14.1 Approaches to reliability

Reliability can be operationalized in different ways (Table 14.1). First, we could consider reliability as an estimation of measurement stability. Consequently, we should administer the same test several times. Second, we might consider reliability as the estimation of measurement equivalence in two equal forms. To estimate this type of reliability we must create two equal forms (i.e., alternate forms) of the same test. Third, we could consider reliability as an estimation of consistency across raters. Then, the same task (e.g., classifying objects or people) should be applied to two or more raters/judges. Last, reliability can be conceptualized as a method to estimate the internal consistency of a test.
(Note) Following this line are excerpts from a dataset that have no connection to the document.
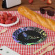 This simple paperplate has an abstract swirl pattern with multiple different colors. With an owl!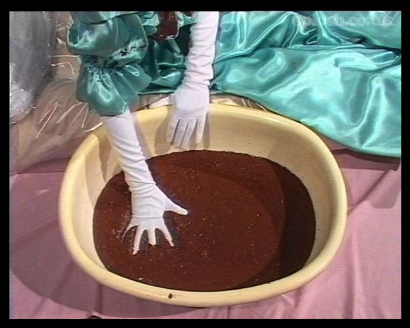 The stunning Amanda Hughes plays a snooty BBC style announcer in satin gown, gloves and white high heels who provides a very horny 'intermission' film with the aid of a deep bowl of clay! After slowly and sensously ruining her gown, shoes and gloves she strips off and covers herself - then naked and horny she starts playing with herself and fucking the pillow on her bed!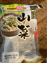 きのこはほとんど入っていませんでした。国産が安心です。山菜うどんにしました。硬めの水煮です。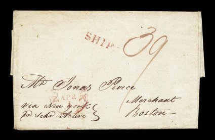 1257 c image1820 Puerto Rico "Ship" cover, red straight line hs. on very early prestamp entire folded letter to Boston regarding a shipment of potatoes, inscribed "Via New York/per Schr. Active", matching red "New York/Apr. 1" c.d.s., ms. "39" rate marking, very fine; this early cover is shortly after Puerto Rico started having direct commerce with non-Spanish countries. (Image) Est. 150-200
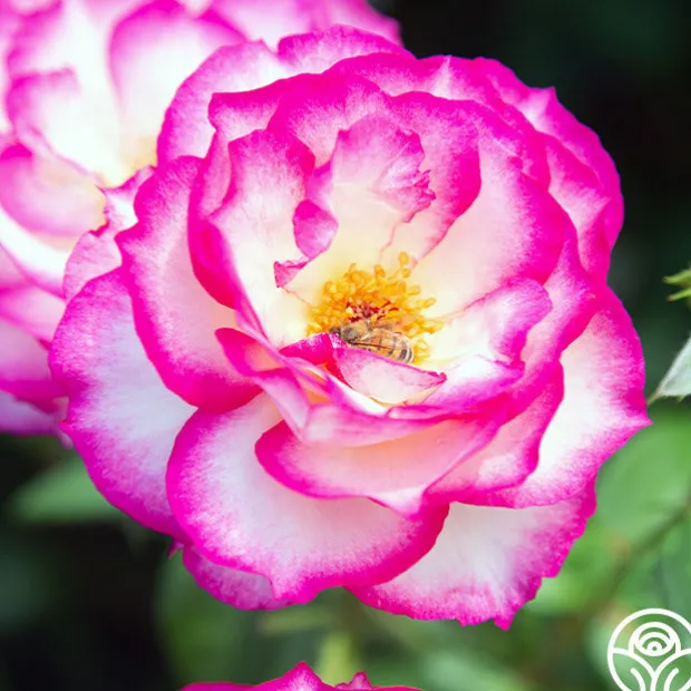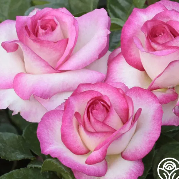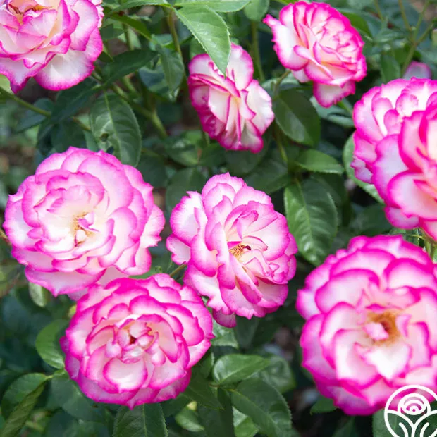 Born in flushes throughout the season, this crown-worthy beauty is definitely one of the most charismatic roses in the garden. Photo-ready blossoms of pure white are kissed with vivid pink at the edges and feature large, glossy leaves and a moderate fragrance. It’s no wonder she’s a garden star!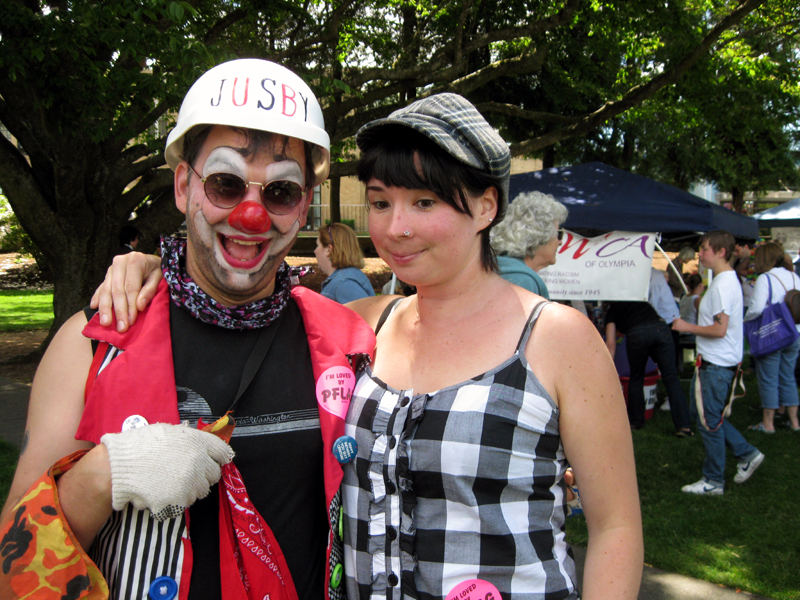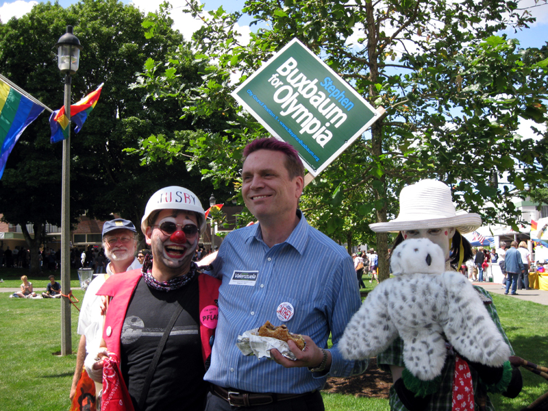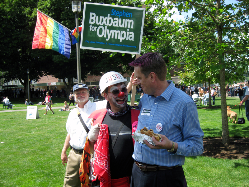 Afterward, at Sylvester park, Honey marched right over to a group of Buxbaum supporters. She told them she was glad they were there because Kingsbury had his signs all over the place. I arrived from the other side and called to her to get a picture with me and Kingsbury having a burger.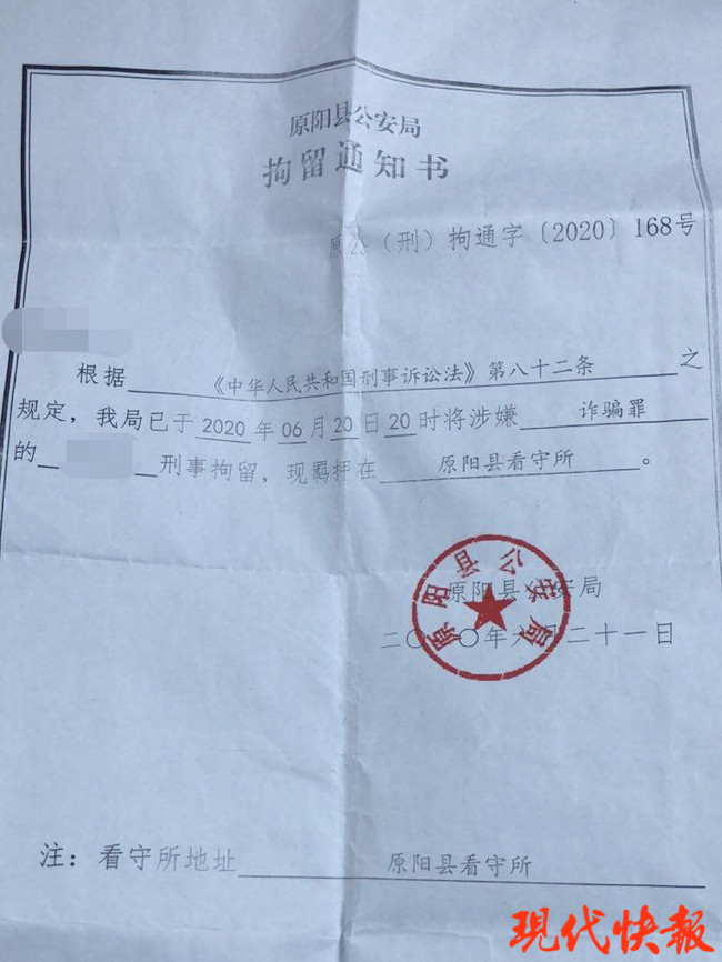 現(xiàn)代快報記者從這9名學生家長那里獲悉,他們都收到了來自河南省原陽縣公安局的刑事拘留通知書,涉嫌的罪名是詐騙罪。這些學生目前被羈押在河南原陽縣、封丘縣等不同的看守所。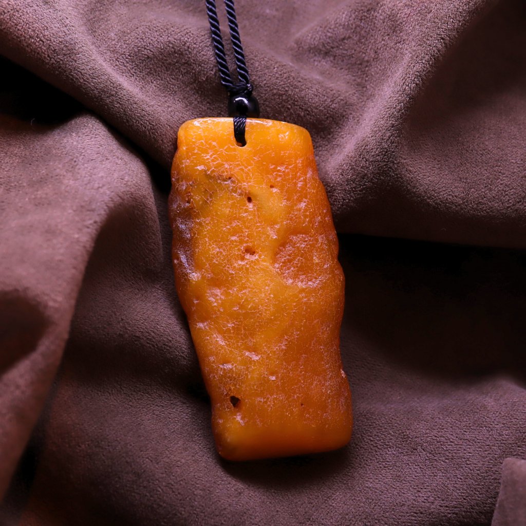 Jantar, který nebyl přetvořen, jen jemně upraven. Tento přívěsek vznikl ze surového baltského jantaru, jehož tvar i část kůry jsme ponechali záměrně. Povrch je přirozeně drsnější a barva má typický teplý jantarový odstín, který působí klidně a přirozeně.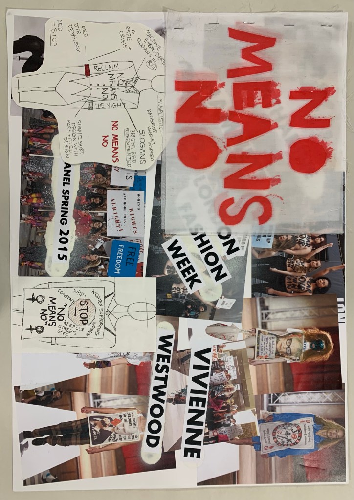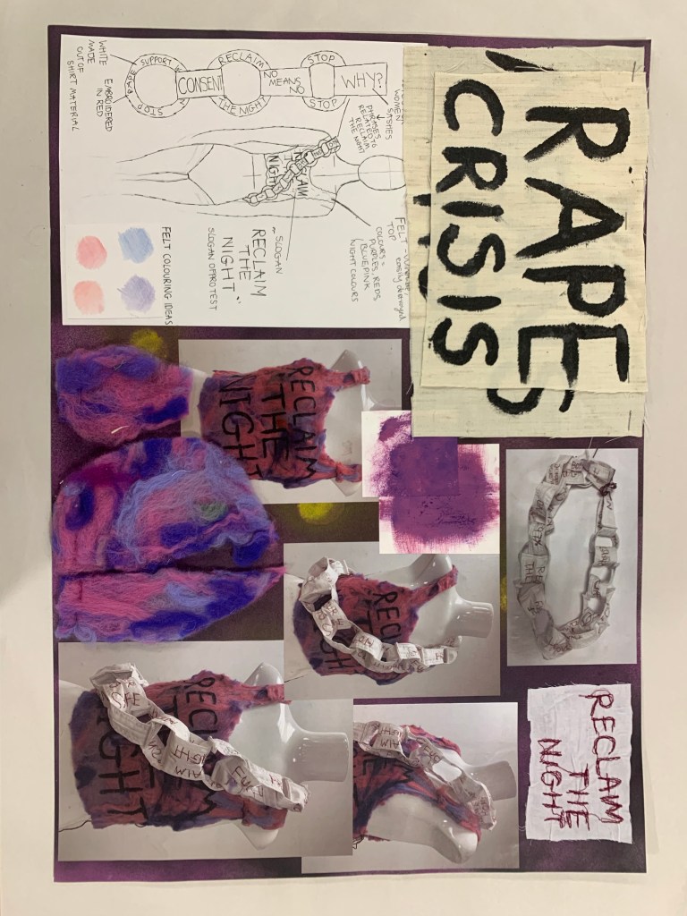 Overall, I am feeling very positive about my outcome for my Fashion and Textiles Pathway, I am very pleased with my choice to use Reclaim the Night as my protest of choice because I think its one of the most important protests as it supports women’s rights and protests for women to be able to walk alone down the street without falling victim to sexually harassing comments. To express this, I created my first A2 piece which was through the form of collage, and I used some of my own primary resources since I had some photographs from past Reclaim the night protests which I had attended, I mixed this with secondary research I found from some articles online which related to Lorraine Cox and the origins of Reclaim the night. I experimented with many different types of textiles experimentation during this project, the first of which was screen printing, a method I had never used before, it required cutting out a design onto reflective paper, mixing colour with fabric binder and pulling a board over a printing screen to transfer the ink through the gaps. The results weren’t the best because it was my first time doing this process so I didn’t pull the board hard enough across the fabric, however upon reflecting I really liked this process, It was a lot quicker and easier than I first thought it would be, while it was a good way to respond to Katherine Hamnet, one of the artists I looked into for ideas for my protest shirt, I didn’t feel like it was right for this project since for my final piece I decided to create a felt top and screen printing needs a flatter surface to print effectively. Felt is one of the newer techniques which I learnt about during skills week, I had only created one piece before, but I thought that I would try and be ambitious and create a whole night themed top which I then used fabric paint to paint “Reclaim the night” onto. I was very pleased with the result, I toyed between using white paint onto the felt however during my experimentation work l used some white paint on red felt and it didn’t look nearly as effective as I thought black would stand out a lot more and fit with the night theme, although the white would have looked complimentary to the sash. The sash is one of my favourite pieces that I have created because I was able to use a lot of machine embroidery and practice my precision with the machine as machine embroidery is also one of the skills I learnt in skills week and was one of the things that really sparked my creativity. The outcome of the sash was really effective, minus the fact that the words are hard to read since some of them are a bit small, I think my overall piece is quite strong as the top and sash would be something you could easily wear to a protest while reflecting the cause, while the two pieces don’t match in any way I don’t really think they need to, protest is not necessarily something which matches or requires a certain look, it is meant to be something which has a message or meaning and represents a bigger cause and I feel like my piece does that effectively.

In this case, we need to administer the same test to at least two respondents to generate several scores on the same test.

Table 14.1: Approaches to Reliability
Estimation Coefficient Operationalization Test administration Source of error
Test-retest \(Cor(X_{1}, X_{2})\) Repetition of measurement Two or more times Instability over time
Parallel forms \(Cor(X_{i}, X_{j})\) Two alternate forms Twice Lack of equivalence
Inter-rater Once Disagreement among raters
Cohen-Kappa (\(\kappa\)) Two raters (categorical data)
Fleiss-Kappa More than two raters (categorical data)
Intraclass correlation Two or more raters (quantitative data)
Internal consistency Two or more scores in a single test Once Heterogeneous item content
Split half tests Spearman-Brown
Tau Equivalent
Item covariance Alpha (\(\alpha\))
KR--20
Guttman's Lambdas (\(\lambda\))
Omega (\(\omega_{h}, \omega_{t}\))
EFA/CFA
Note. \(Cor(X_{1}, X_{2})\) = Correlation between test and retest. \(Cor(X_{i}, X_{j})\) = Correlation between forms \(i\) and \(j\) of the test. KR--20 = Kuder-Richardson Formula 20 to estimate the reliability coefficient for binary data. EFA/CFA = Exploratory Factor Analysis/Confirmatory Factor Analysis.